Reproduce the material below only from the line with "Малыши, увидев меня" to the line with "CorDx® Tyfast Flu", both included, keeping each line exact and dropping the pictures.

◆ ◆ ◆ ◆ ◆ ◆ ◆

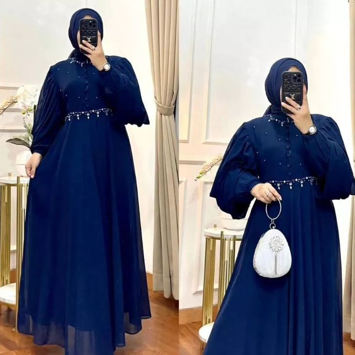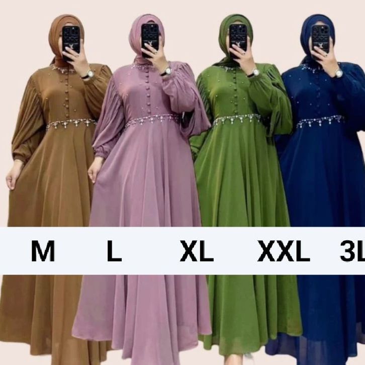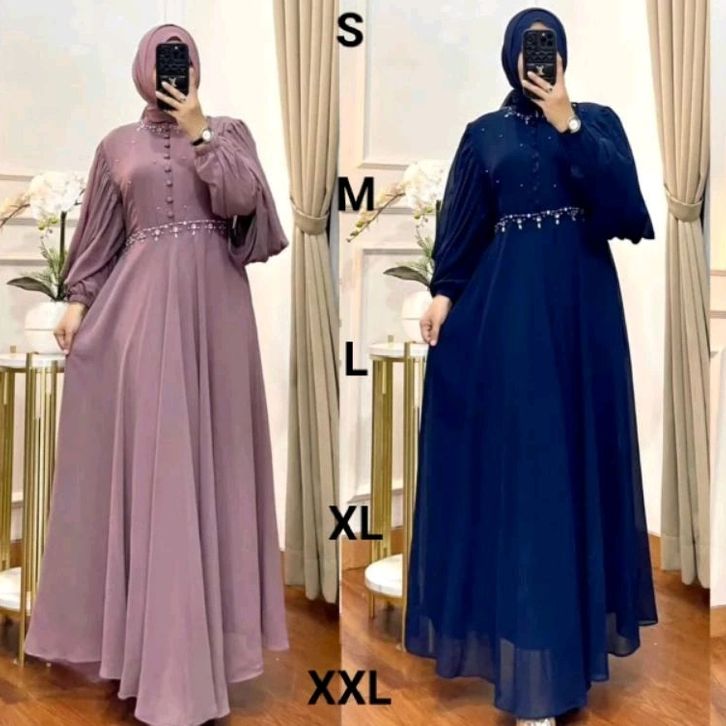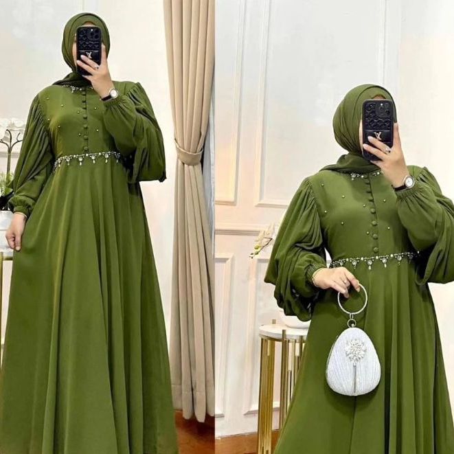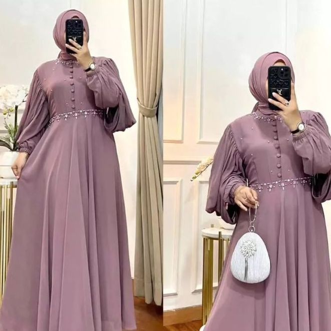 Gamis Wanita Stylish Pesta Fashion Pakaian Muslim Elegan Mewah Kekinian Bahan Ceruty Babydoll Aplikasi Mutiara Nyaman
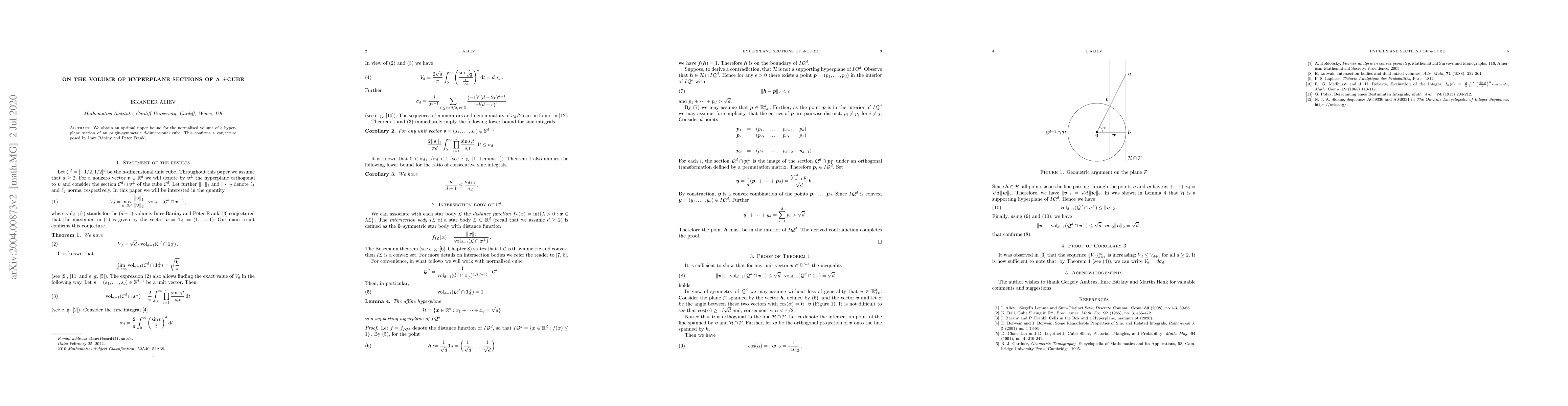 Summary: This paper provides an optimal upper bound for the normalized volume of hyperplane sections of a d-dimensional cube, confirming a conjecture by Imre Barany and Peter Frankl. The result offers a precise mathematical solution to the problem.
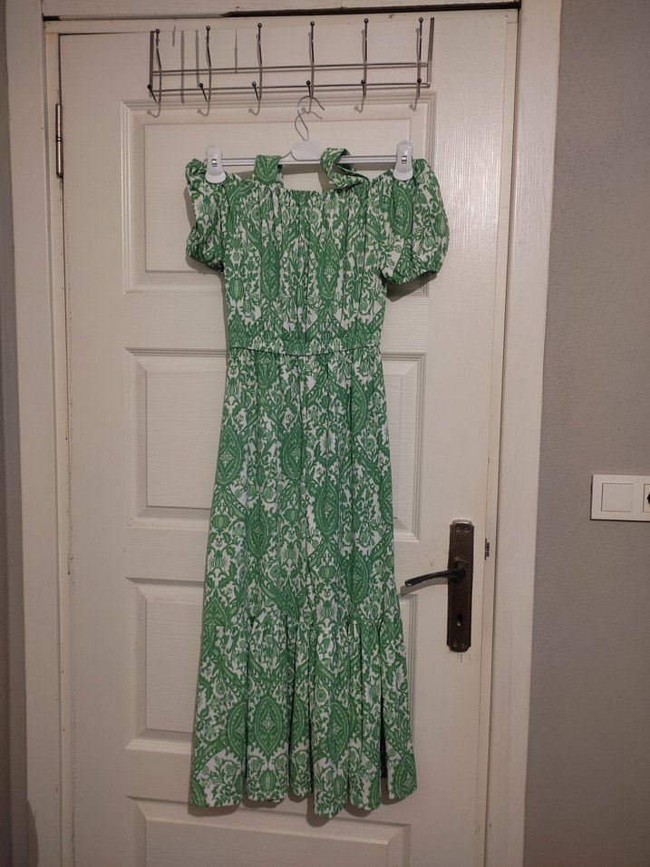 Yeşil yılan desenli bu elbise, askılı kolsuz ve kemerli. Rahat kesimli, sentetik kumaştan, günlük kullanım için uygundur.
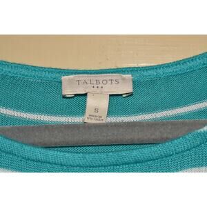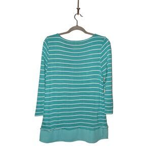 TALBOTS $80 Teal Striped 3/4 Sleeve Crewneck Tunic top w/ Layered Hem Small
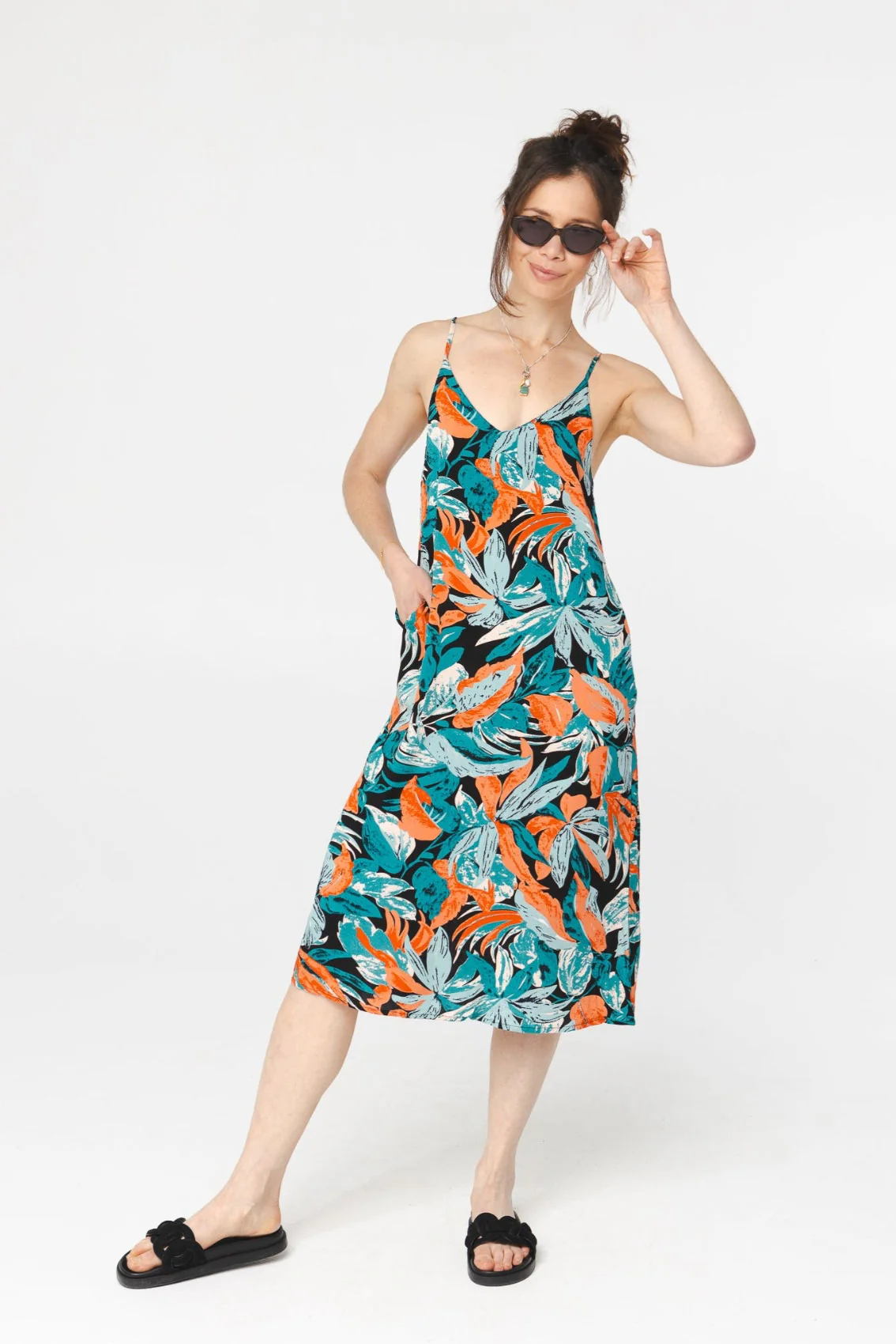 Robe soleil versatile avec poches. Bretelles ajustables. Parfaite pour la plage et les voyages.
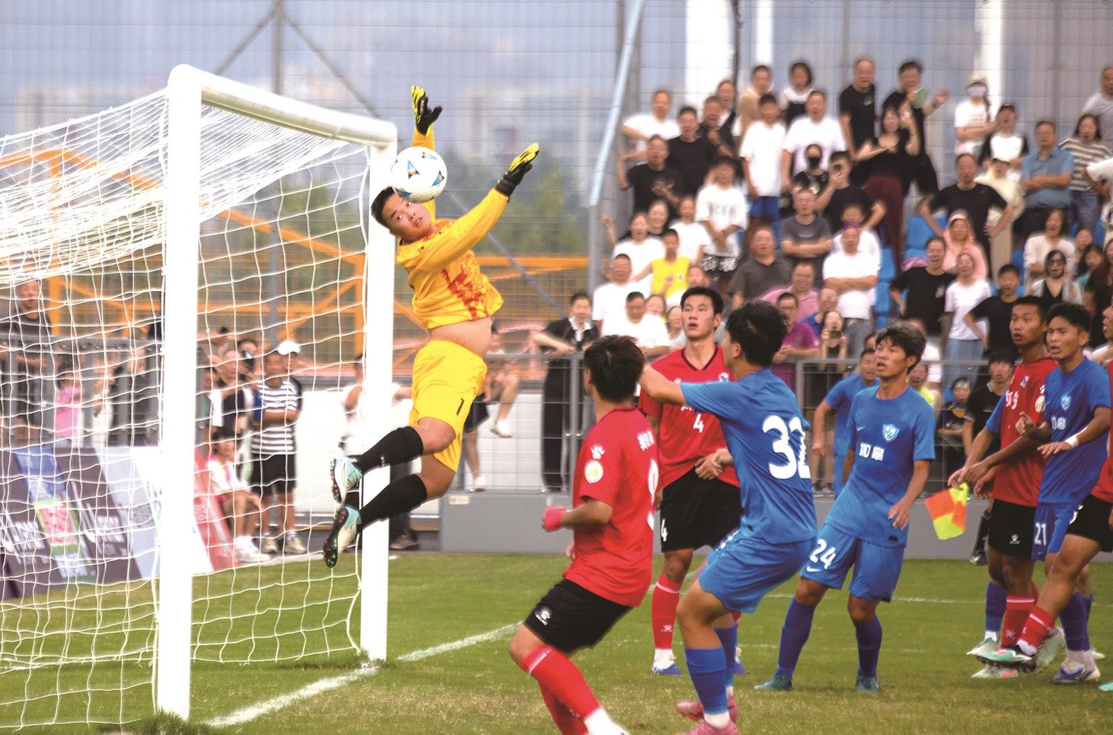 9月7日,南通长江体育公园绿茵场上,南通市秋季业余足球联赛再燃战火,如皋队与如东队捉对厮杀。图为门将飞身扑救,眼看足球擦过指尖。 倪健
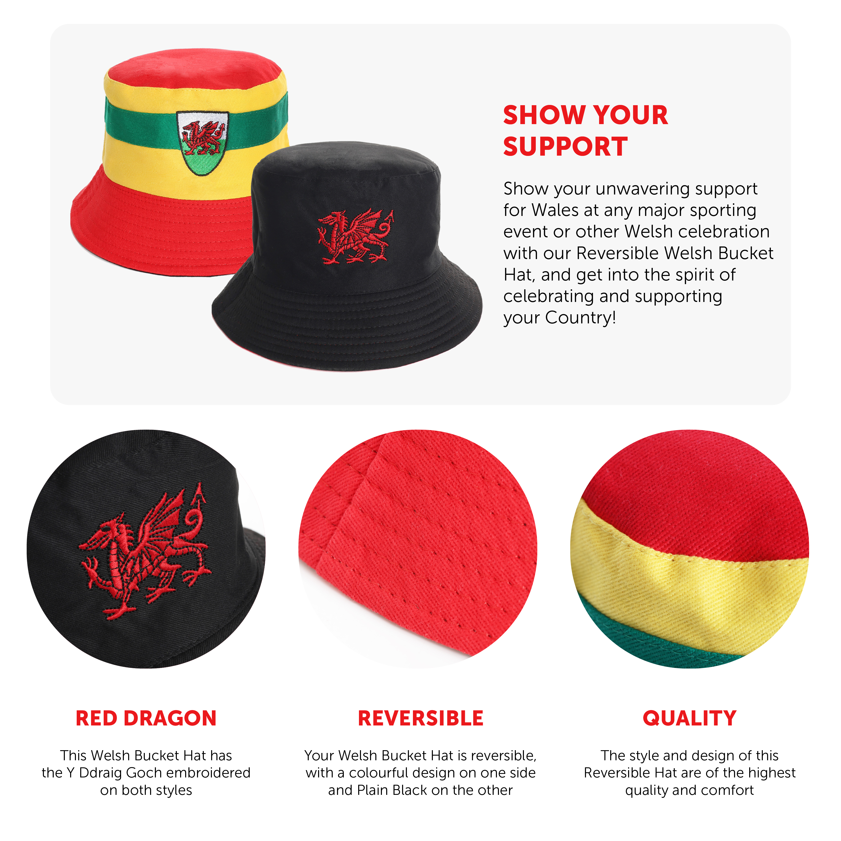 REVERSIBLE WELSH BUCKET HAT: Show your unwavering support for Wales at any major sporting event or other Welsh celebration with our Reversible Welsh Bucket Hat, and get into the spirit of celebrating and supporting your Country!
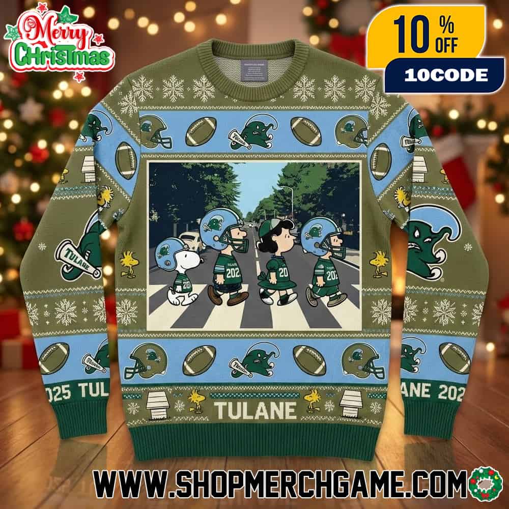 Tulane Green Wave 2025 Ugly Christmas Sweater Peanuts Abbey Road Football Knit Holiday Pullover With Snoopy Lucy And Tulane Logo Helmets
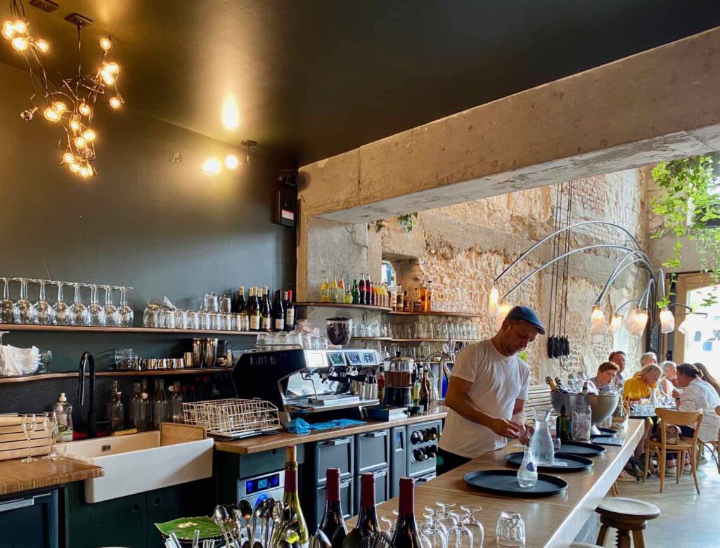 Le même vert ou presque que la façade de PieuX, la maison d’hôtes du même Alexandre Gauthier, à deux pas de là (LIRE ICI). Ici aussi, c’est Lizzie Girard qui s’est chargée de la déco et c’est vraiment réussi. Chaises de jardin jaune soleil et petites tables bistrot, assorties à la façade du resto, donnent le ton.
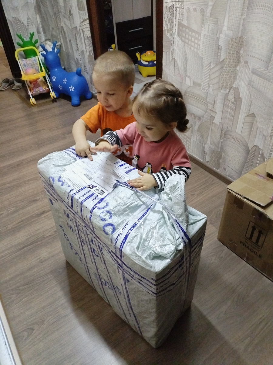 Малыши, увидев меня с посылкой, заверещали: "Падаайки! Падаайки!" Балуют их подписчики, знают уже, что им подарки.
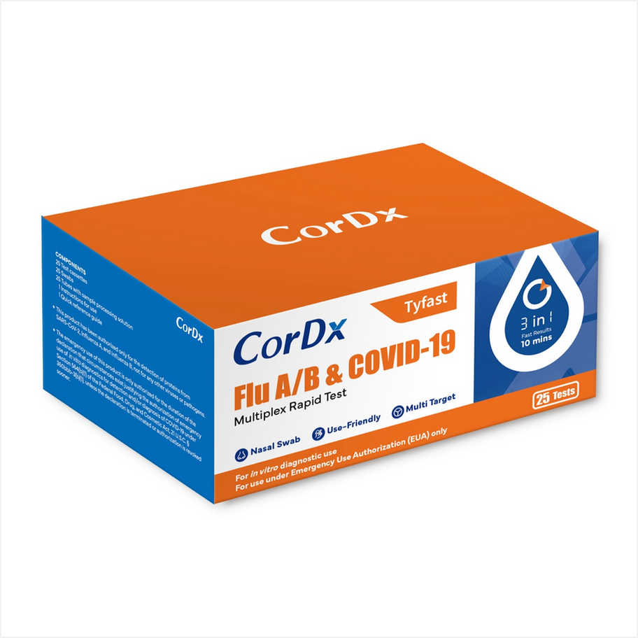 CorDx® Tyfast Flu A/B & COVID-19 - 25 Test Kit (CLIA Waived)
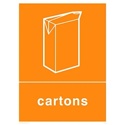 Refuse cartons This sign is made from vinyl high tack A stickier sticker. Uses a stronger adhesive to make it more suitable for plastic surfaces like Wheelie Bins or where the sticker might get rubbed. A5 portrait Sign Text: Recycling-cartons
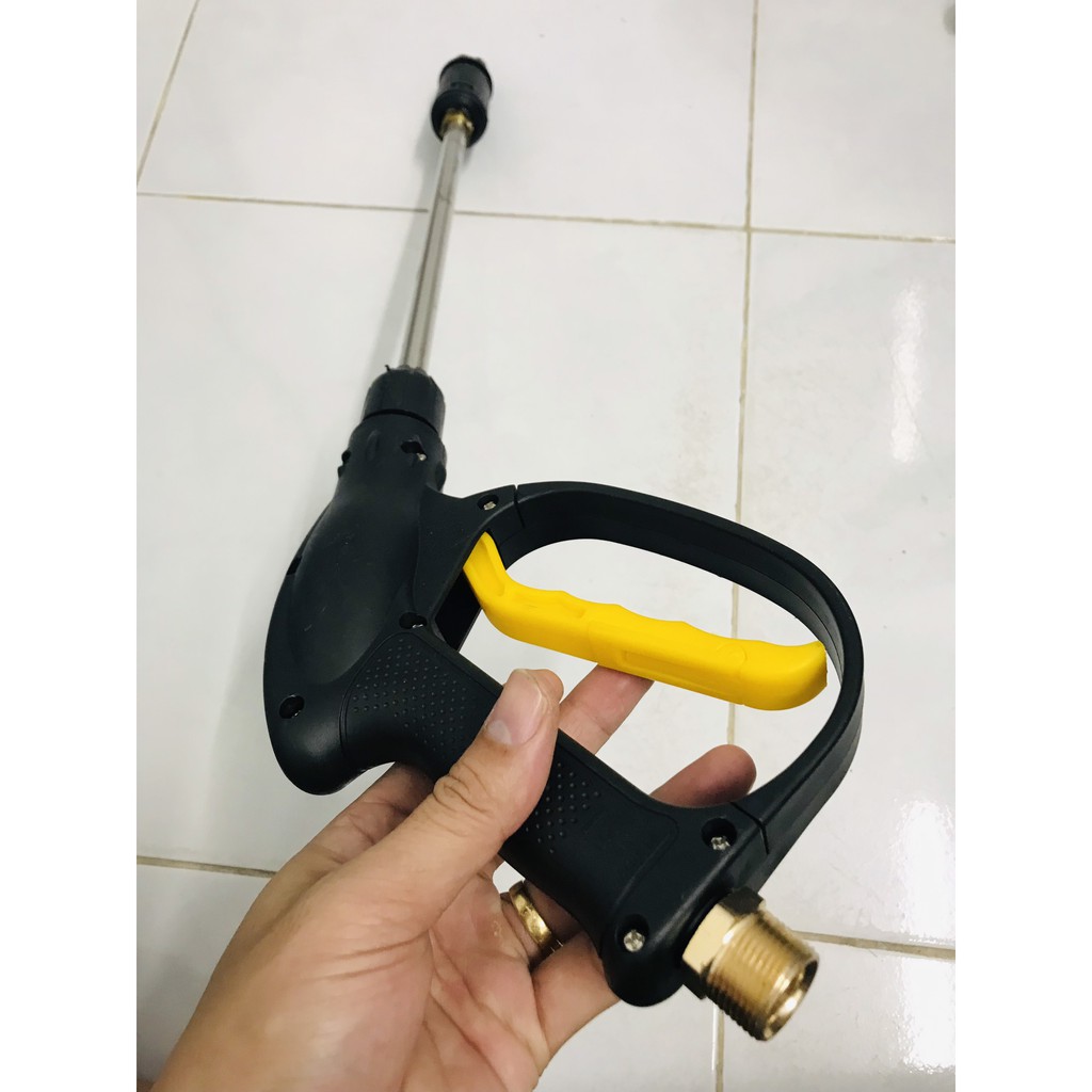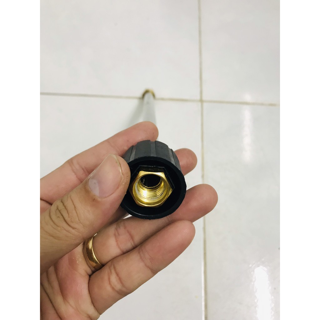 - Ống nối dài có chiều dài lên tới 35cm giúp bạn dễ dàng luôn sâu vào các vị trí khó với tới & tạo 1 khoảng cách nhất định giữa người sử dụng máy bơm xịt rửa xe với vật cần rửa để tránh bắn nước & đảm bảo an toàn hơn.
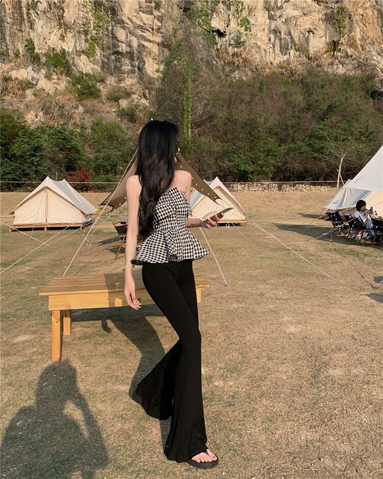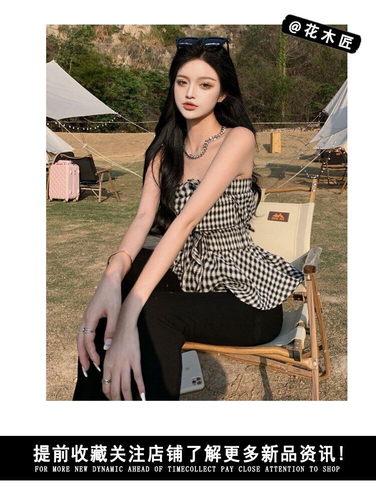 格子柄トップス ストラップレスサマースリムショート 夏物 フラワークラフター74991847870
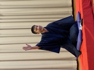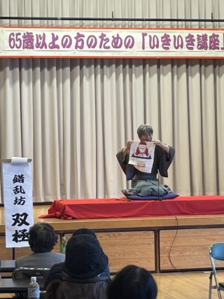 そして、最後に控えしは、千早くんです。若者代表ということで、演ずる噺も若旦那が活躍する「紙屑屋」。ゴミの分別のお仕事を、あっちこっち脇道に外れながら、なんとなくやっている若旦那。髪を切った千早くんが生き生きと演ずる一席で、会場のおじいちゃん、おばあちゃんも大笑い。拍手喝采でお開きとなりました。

◆ ◆ ◆ ◆ ◆ ◆ ◆

SOLUTION TO THIS PROBLEM ▸
 Малыши, увидев меня с посылкой, заверещали: "Падаайки! Падаайки!" Балуют их подписчики, знают уже, что им подарки.
 CorDx® Tyfast Flu A/B & COVID-19 - 25 Test Kit (CLIA Waived)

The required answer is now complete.